Seventh: The following provisions are inserted for the management of the business and for the conduct of the affairs of the Corporation, and for further definition, limitation and regulation of the powers of the Corporation and of its directors and shareholders:

(A) Election of directors need not be by written ballot unless the by-laws of the Corporation so provide.

(B) The Board of Directors shall have the power, without the assent or vote of the shareholders, to make, alter, amend, change, add to or repeal the by-laws of the Corporation.

(C) The directors in their discretion may submit any contract or act for approval or ratification at any annual meeting of the shareholders or at any meeting of the shareholders called for the purpose of considering any such act or contract, and any contract or act that shall be approved or be ratified by the vote of the holders of a majority of the stock of the Corporation which is represented in person or by proxy at such meeting and entitled to vote thereat (provided that a lawful quorum of shareholders be there represented in person or by proxy) shall be as valid and binding upon the Corporation and upon all the shareholders as though it had been approved or ratified by every shareholder of the Corporation, whether or not the contract or act would otherwise be open to legal attack because of directors’ interests, or for any other reason.

(D) In addition to the powers and authorities hereinbefore or by statute expressly conferred upon them, the directors are hereby empowered to exercise all such powers and do all such acts and things as may be exercised or done by the Corporation; subject, nevertheless, to the provisions of the statutes of the Marshall Islands, of these Articles of Incorporation, and to any by-laws from time to time made by the shareholders; provided, however, that no by-law so made shall invalidate any prior act of the directors which would have been valid if such by-law had not been made.

(E) A director of the Corporation shall not be personally liable to the Corporation or its shareholders for monetary damages for breach of fiduciary duty as a director, except for liability (i) for any breach of the director’s duty of loyalty to the Corporation or its shareholders, (ii) for acts or omissions not in good faith or which involve intentional misconduct or a knowing violation of law, or (iii) for any transaction from which the director derived an improper personal benefit.
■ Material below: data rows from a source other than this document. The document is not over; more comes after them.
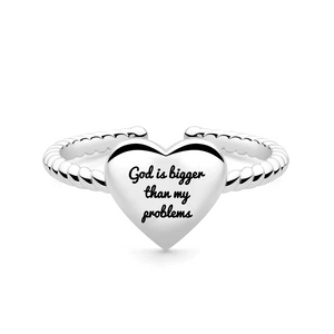 Bague en acier inoxydable avec le cœur « Dieu est plus grand »
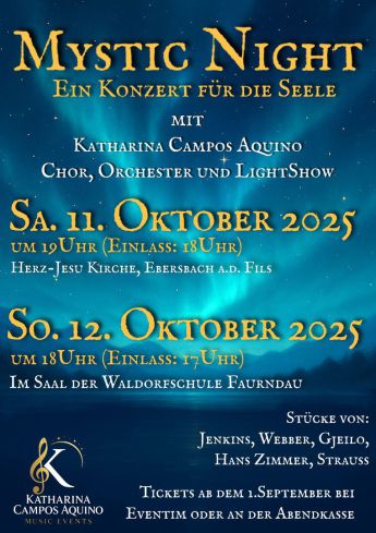 „Mystic Night“ ist ein „Konzert für die Seele“, das Chor- und Orchestermusik mit einer Lightshow verbindet. Unter der Leitung von Katharina Campos Aquino werden Werke von Jenkins, Webber, Gjeilo, Hans Zimmer und Strauss auf mitreißende Weise zu Gehör gebracht.
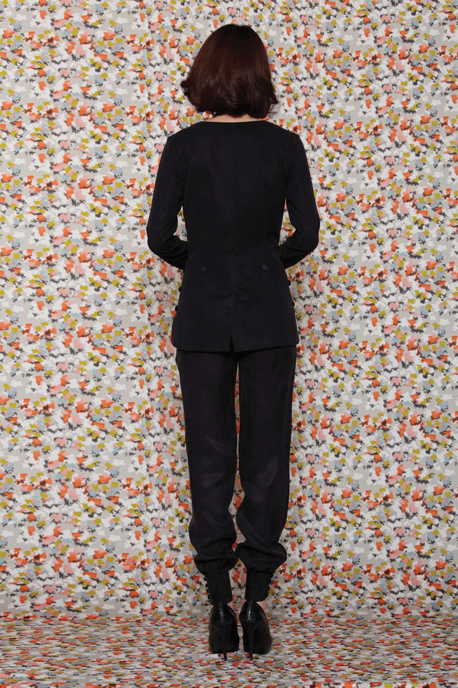 Also has 1 button on each side of the back to allow for the jacket to be buttoned at the back for a more fitted look
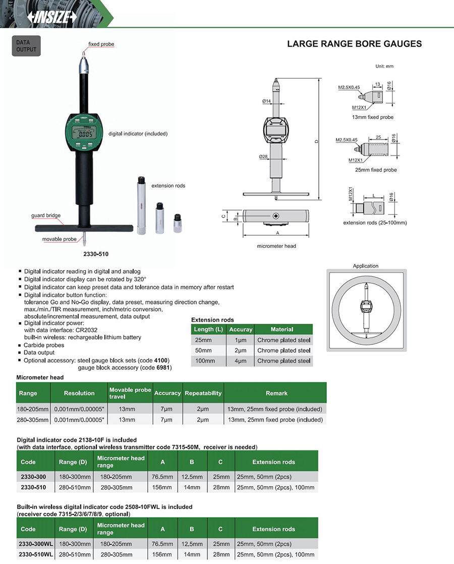 Digital indicator button function: tolerance Go and No-Go display, data preset, measuring direction change, max./min./TIR measurement, inch/metric conversion, absolute/incremental measurement, data output
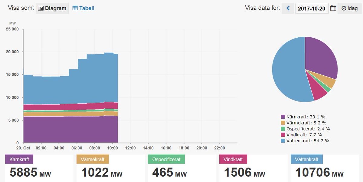 85 procent av den svenska elproduktionen vattenkraft och kärnkraft just nu. Utsläppsfritt. Effektivt. pic.twitter.com/nx04irOvjz
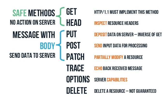 클라이언트와 웹 서버 간의 소통을 하기위해 사용되는 방법으로 리소스와 동작을 분리하기 위해 사용.
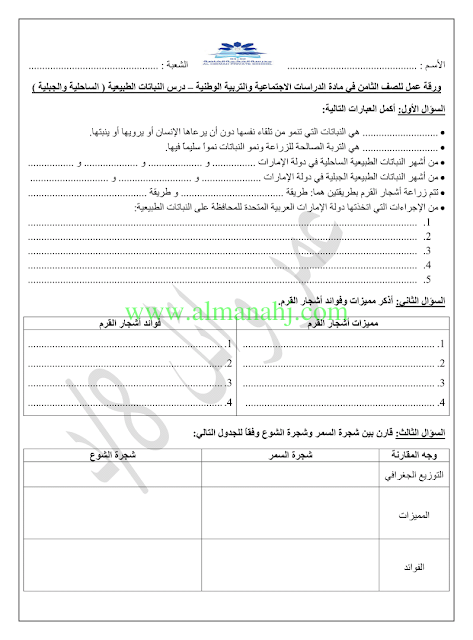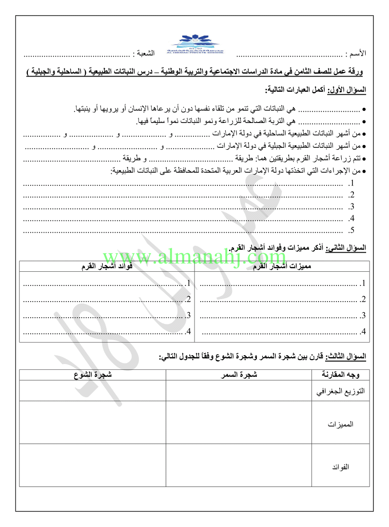 معلومات الملف: الصف الثامن, الفصل الثالث, اجتماعيات, 2017-2018, ورقة عمل درس النباتات الطبيعية ( الساحلية والجبلية ) | |||
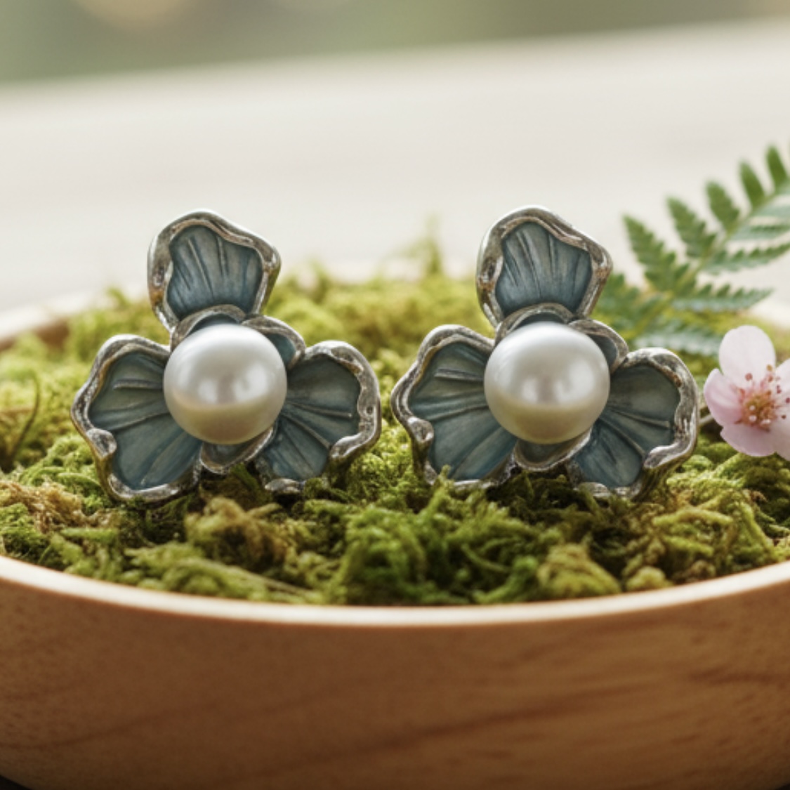 Bông Tai Bạc Nữ Hình Hoa Mai Đính Ngọc Trai Màu Xanh Pastel - Trang Sức Ngọc Trai Phú Quốc Giá Sỉ Cao Cấp, Thời Trang BTN322

If the BCA is amended to authorize corporate action further eliminating or limiting the personal liability of directors, then the liability of a director of the Corporation shall be eliminated or limited to the fullest extent permitted by the BCA, as so amended. Any repeal or modification of this paragraph A by the shareholders of the Corporation shall not adversely affect any right or protection of a director of the Corporation with respect to events occurring prior to the time of such repeal or modification.

(F) The Corporation, to the full extent permitted by Section 60 of the BCA, as amended from time to time, shall indemnify all persons whom it may indemnify pursuant thereto. Expenses (including attorneys’ fees) incurred by an officer or director in defending any civil, criminal, administrative, or investigative action, suit or proceeding for which such officer or director may be entitled to indemnification hereunder shall be paid by the Corporation in advance of the final disposition of such action, suit or proceeding upon receipt of an undertaking

 

 



by or on behalf of such director or officer to repay such amount if it shall ultimately be determined that he is not entitled to be indemnified by the Corporation as authorized hereby.

Eighth: The Corporation shall automatically terminate on [to be filled in prior to filing] [24 months from the consummation of the initial public offering], 2010 (“Termination Date”). This provision may only be amended in connection with, and become effective upon, the consummation of a Business Combination. A proposal to so amend this section may be submitted to shareholders in connection with any proposed Business Combination pursuant to Section Sixth (A) above.